2. The method as recited in claim 1, where, for the time-dependence
of the setpoint value (sw), a preselected time characteristic is
taken into account, which converts the slip existing at the
beginning of the closing interval as an initial value, into a
target value, within the closing interval.
3. The method as recited in claim 2, where a linear transition from
the initial value to the target value is provided as a time
characteristic inside the closing interval.
4. The method as recited in claim 2 or 3, where the input torque
(E) applied to the torque converter (1) is monitored inside the
closing interval; in response to the input torque (E) changing by
more than a specifiable tolerance deviation, the slip of the torque
converter (1) being ascertained and taken as a basis for a new
initial value, which would appear at this input torque (E) in the
case of a completely opened torque-converter lockup clutch
(20).
5. The method as recited in claim 4, where the value resulting from
the preselected time characteristic for the current time inside the
closing interval is selected as the setpoint value (sw) for the
slip, the time characteristic converting the initial value
ascertained using the currently applied input torque (E) into the
target value.
6. The method as recited in claim 4 or 5, where the slip to be used
as a new initial value, as a basis for the applied input torque (E)
is determined using a stored characteristics map.
7. The method as recited in claim 4 or 5, where the slip to be used
as a new initial value, as a basis for the applied input torque (E)
is calculated from the applied input torque (E), taking the
performance figure of the torque converter (1) into
consideration.
8. The method as recited in one of claims 1 through 7, where, in
order to adjust the slip, a controlled parameter is provided for
setting a clamping pressure for the torque converter (1).
9. The method as recited in one of claims 1 through 8, where the
time characteristic of the slip is monitored for a decline, in
order to detect the start of power transmission in the
torque-converter lockup clutch (20).
10. The method as recited in claim 9, where, after a decrease in
the slip is detected, a clamping pressure for the torque converter
(1) is set as a function of a coupling torque to be transmitted,
and as a function of the setpoint value (sw) for the slip of the
torque-converter lockup clutch (20).
11. A control device (24) for a torque-converter lockup clutch (20)
for a hydrodynamic torque converter (1), where a sensor (32) for
detecting the input torque (E) applied to the torque converter (1)
is connected to a control unit (26), which selects a setpoint value
(sw) for the slip of the torque converter (1) as a function of
time, and taking into consideration the input torque (E) currently
being applied to the torque converter (1).
12. The control device (24) as recited in claim 11, whose control
unit (26) is connected on the output side to means for setting a
clamping pressure for the torque converter (1).
13. The control device (24) as recited in claim 11 or 12, whose
control unit (26) is connected to a data storage unit (36), in
which a time characteristic for the setpoint value (sw) of the slip
is stored, a slip existing at the beginning of a closing interval
as an initial value being converted into a target value within the
closing interval, in accordance with the time characteristic for
the setpoint value of the slip.
14. The control device (24) as recited in claim 13, in whose data
storage unit (36) a data record is stored, from which a slip value
can be derived for each input torque (E), the slip value being
intended to be used as an initial value, as a basis for determining
the setpoint value (sw) for the slip as a function of time.
15. The control device (24) as recited in claim 13, in whose data
storage unit (36) a characteristics map is stored, which, inside
specifiable interval boundaries, assigns each performance figure of
the torque converter (1) a corresponding slip value.
Description
[0001] The present invention relates to a method for operating a
torque-converter lockup clutch for a hydrodynamic torque converter,
where the slip of the torque converter is adjusted using a setpoint
value, when the torque-converter lockup clutch is being closed.
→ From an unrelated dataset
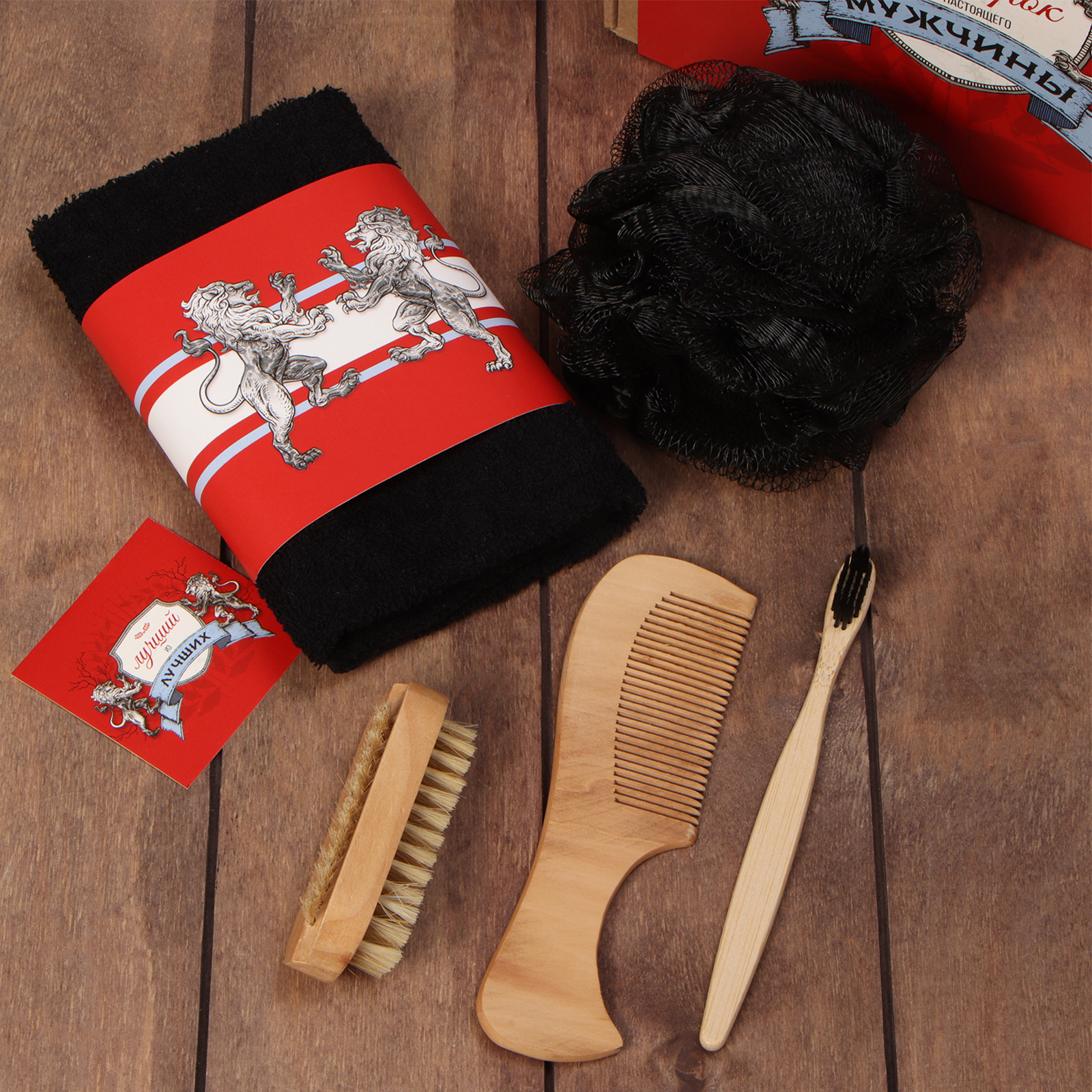 Набор подарочный «этель. настоящему мужчине», полотенце, щётка, расчёска. Набор:Да|Цвет:Красный|Цвет:Чёрный|Для кого:Для мужчины|Ткань:Махра|Плотность, г/м :350|Размер, см:35 х 50|В наборе, шт.:6|Тематика:Мужская|Вид упаковки:Термоусадочная плёнка|Вид упаковки:Подарочная коробка|Рисунок:Да|Тематика праздника:23 Февраля|Адресат:Мужчине|Материал:Махра|Декоративные элементы:Без элементов|Рекомендации по уходу:Не отбеливать|Рекомендации по уходу:Глажка при 150 °С|Рекомендации по уходу:Барабанная сушка при низкой температуре|Рекомендации по уходу:Стирка при 40 °С|Назначение полотенец:Для рук|Состав ткани:Хлопок|Составляющие набора:Расчёска для волос|Составляющие набора:Щётка|Составляющие набора:Зубная щётка|Составляющие набора:Мочалка|Составляющие набора:Полотенце|Составляющие набора:Открытка|Возраст:Для взрослых|В подарочной упаковке:Да|Особенности:Без особенностей|Страна:Россия  развернуть описание ▼

The
present invention also relates to a control device for implementing
the method.
[0002] A hydrodynamic torque converter, which is driven by an
internal combustion engine and, e.g. connected to an automatic
multi-speed transmission or a continuously variable transmission on
the output side, can be used in the power train of a motor vehicle.
In this context, the torque converter usually transmits a torque
supplied to its input shaft, via a combination of a so-called pump
unit and a so-called turbine unit, to an output shaft which, for
its part, can be used as an input shaft for the subsequent
transmission. For its part, the transmission can be connected, via
its output shaft or drive shaft, to a number of driven wheels of
the motor vehicle.
[0003] In this connection, the torque converter can, for its part,
be provided with a torque-converter lockup clutch. Such a
torque-converter lockup clutch connects the input and output shafts
of the converter, thereby reducing the converter losses. In the
operating state in which load changes occur, the torque-converter
lockup clutch is usually opened in order to damp abrupt load
changes; therefore, the response characteristic and, in particular,
the speed ratio of the speed of the output shaft to the speed of
the input shaft are exclusively determined by the torque converter
as such. In the approximately uniform steady-state condition, the
torque-converter lockup clutch can, however, be closed to reduce
the converter losses, so that the pump unit and the turbine unit of
the torque converter and, therefore, its input and output shafts as
well, can be rigidly coupled to each other and, in particular, have
the same speed. The torque converter lockup clutch can, for
example, have a first coupling element rigidly connected to the
turbine unit and a second, adjustable coupling element positioned
against it, e.g. an actuating piston, which can be brought into
contact with the pump unit.
[0004] In order to prevent an abrupt change in the driving
parameters and the associated loss of comfort for the driver, the
closing operation of such a torque-converter lockup clutch is
normally extended over a temporal closing interval. Over this
closing interval, the second coupling element is brought into
contact with the pump unit, e.g. by continuously intensifying a
clamping force or pressure, so that the speeds of the input and
output shafts approach each other, and, toward the end of the
closing interval, an increasingly large share of the torque is
transmitted by the closing clutch. During the closing operation,
the torque-converter lockup clutch can be operated in a
slip-controlled manner, the slip determined by the difference of
the input-shaft or pump-unit speed and the output-shaft or
turbine-unit speed of the converter being monitored, and being
adjusted to a setpoint value by appropriate selection of the
contact force or contact pressure as a controlled parameter. In
this context, a value continuously decreasing as a function of time
can be selected as a setpoint value, inside the closing interval,
so that a gradual transition into the closed state of the
torque-converter lockup clutch is ensured.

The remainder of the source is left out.